'''

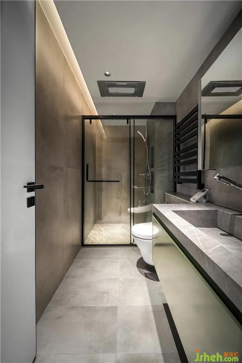 主臥主衛(wèi)的墻面轉(zhuǎn)角設(shè)計(jì)成了圓弧形減弱邊界,舒緩?fù)ǖ赖霓D(zhuǎn)折。
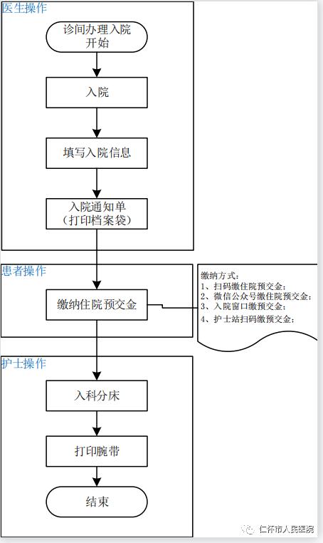 仁怀市人民医院一直秉承全心全意为患者服务,提升诊疗服务质量,不断的优化就诊流程。5月8日,我院诊间入院在原流程上再次进行升级调整,患者在门诊就诊时,门诊医生根据患者实际情况,达到入院指征的,医生直接在系统中点击“入院”,输入患者门诊号,完善患者详细信息确认后,在患者档案袋上打印“入院通知单(档案袋)”,患者就可以根据通知单指引直接到科室,扫描住院缴费二维码预缴纳住院金后,相关工作人员进行分床即可。这样一套信息化的提升,不仅节省了就诊时间,还实现了患者“少跑路、信息多跑路”的服务理念。
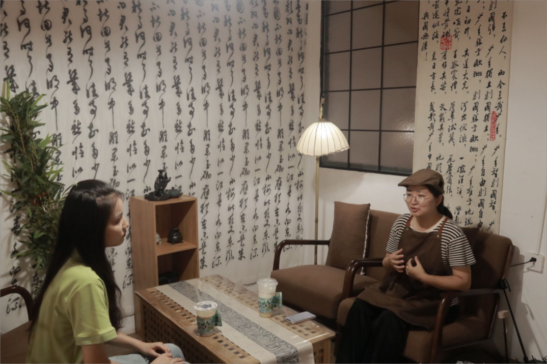 团队成员与门店负责人龚琰进行深入交流,就门店经营现状、顾客需求变化、市场变化趋势、创新茶旅融合形式等方面进行了探讨。在交流过程中,龚琰表示,沅陵县碣滩茶与奶茶的融合还处于起步阶段,但会在后续的发展过程中逐步适应消费者的需求。同时,调研组成员也通过问卷调查收集了当地的顾客反馈和市场数据,进一步了解到了实地产业发展情况。
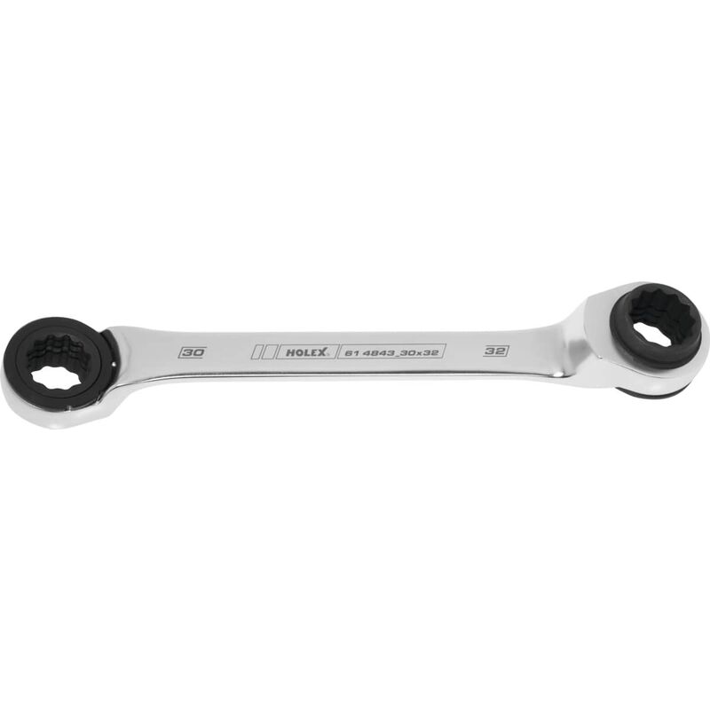 Forgiate. Con aperture a tolleranze strette. Reversibile per serraggio orario e antiorario, nonché per posizione centrale. Aperture diseguali, a curvatura profonda. Anello di registro estremamente stretto: 5°. Materiale: Acciaio al cromo-vanadio, esecuzione cromata opaca. Dati tecnici Anello curvato sì Numero di denti 72 Processo di produzione forgiato Cricchetto reversibile no Superficie es. opaca cromata Materiale Acciaio al cromo-vanadio. Angolo di registro Grad 5 Tipo di prodotto Chiave Apertura 1, mm 30 Apertura 2, mm 32 Dimensione apertura Metrica Lunghezza complessiva L, mm 380 ⌀ Massimo anello D1, mm 60 ⌀ Massimo anello D2, mm 64,5 Altezza massima anello h1, mm 34 Altezza massima anello h2, mm 35
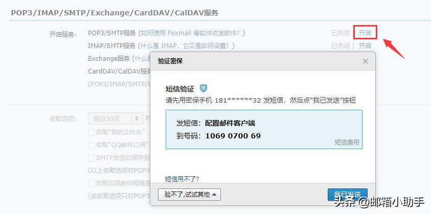 第二步:开启服务以“POP3/SMTP服务”为例,点击【开启】按钮,需要短信验证(根据提示发送短信),点击【我已发送】即可(如下图所示);
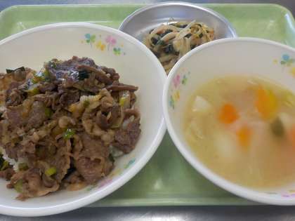 本日の献立:北雪牛丼、根菜汁、ほうれん草の彩り和え

'''

Reproduce the material word for word. Any pictures should be left out of the copy.

 主臥主衛(wèi)的墻面轉(zhuǎn)角設(shè)計(jì)成了圓弧形減弱邊界,舒緩?fù)ǖ赖霓D(zhuǎn)折。
 仁怀市人民医院一直秉承全心全意为患者服务,提升诊疗服务质量,不断的优化就诊流程。5月8日,我院诊间入院在原流程上再次进行升级调整,患者在门诊就诊时,门诊医生根据患者实际情况,达到入院指征的,医生直接在系统中点击“入院”,输入患者门诊号,完善患者详细信息确认后,在患者档案袋上打印“入院通知单(档案袋)”,患者就可以根据通知单指引直接到科室,扫描住院缴费二维码预缴纳住院金后,相关工作人员进行分床即可。这样一套信息化的提升,不仅节省了就诊时间,还实现了患者“少跑路、信息多跑路”的服务理念。
 团队成员与门店负责人龚琰进行深入交流,就门店经营现状、顾客需求变化、市场变化趋势、创新茶旅融合形式等方面进行了探讨。在交流过程中,龚琰表示,沅陵县碣滩茶与奶茶的融合还处于起步阶段,但会在后续的发展过程中逐步适应消费者的需求。同时,调研组成员也通过问卷调查收集了当地的顾客反馈和市场数据,进一步了解到了实地产业发展情况。
 Forgiate. Con aperture a tolleranze strette. Reversibile per serraggio orario e antiorario, nonché per posizione centrale. Aperture diseguali, a curvatura profonda. Anello di registro estremamente stretto: 5°. Materiale: Acciaio al cromo-vanadio, esecuzione cromata opaca. Dati tecnici Anello curvato sì Numero di denti 72 Processo di produzione forgiato Cricchetto reversibile no Superficie es. opaca cromata Materiale Acciaio al cromo-vanadio. Angolo di registro Grad 5 Tipo di prodotto Chiave Apertura 1, mm 30 Apertura 2, mm 32 Dimensione apertura Metrica Lunghezza complessiva L, mm 380 ⌀ Massimo anello D1, mm 60 ⌀ Massimo anello D2, mm 64,5 Altezza massima anello h1, mm 34 Altezza massima anello h2, mm 35
 第二步:开启服务以“POP3/SMTP服务”为例,点击【开启】按钮,需要短信验证(根据提示发送短信),点击【我已发送】即可(如下图所示);
 本日の献立:北雪牛丼、根菜汁、ほうれん草の彩り和え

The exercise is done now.